En die is alleen mogelijk vanuit een voortdurend en op liefde gebaseerd contact met Jezus Christus.
Alleen vanuit dit levensprincipe kunnen we de zonde overwinnen.
Een zoon van God overwint niet door steeds maar te zeggen dat hij slecht is.
Nee, hij aanvaardt en toont bij zijn opstaan uit het watergraf, dat hij deel heeft aan de dood van Christus en daardoor ook aan zijn opstaan uit de dood (zie Romeinen 6:5).
Hij geeft daarmee ook aan dat het plan van God in en door hem volledig kan worden gerealiseerd.

Door zijn doop laat Jezus zien dat Hij een zoon van God is en wel door geboorte en niet door opnieuw (als natuurlijk mens) geboren te worden.
Een stem uit de hemel bevestigt dit met de woorden: Dit is mijn geliefde Zoon, in Hem vind Ik vreugde (zie Matteüs 3:17).

Zij die Hem in het watergraf volgen, zullen er ook van kunnen getuigen dat zij een zoon van God zijn en dat ze dit geworden zijn doordat ze opnieuw geboren zijn en daarna gedoopt zijn in Gods geest, net als Jezus.
Door deze vernieuwing van gedachten kunnen ze gaan denken en handelen vanuit de geestelijke wereld, dus vanuit het koninkrijk van God.
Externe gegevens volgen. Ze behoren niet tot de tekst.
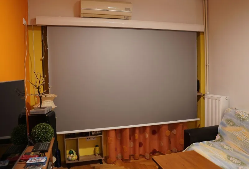 О: проектор в комплект не входит. Это отличный экран с питанием, если вам нужно что-то, что скрывается, когда вы его не используете, также это отлично позволяет просматривать проектор во время некоторых светильник окружающей среды.

Baby’s missen de rechtvaardigheid die door het geloof verkregen wordt en bij hen kan men alleen spreken van een natuurlijke geboorte.
De kinderbesprenkeling is daarom nietszeggend.
Het is een loze handeling, want alleen opnieuw geboren en dus ‘geestelijke’ christenen hebben deel aan het nieuwe, geestelijke verbond.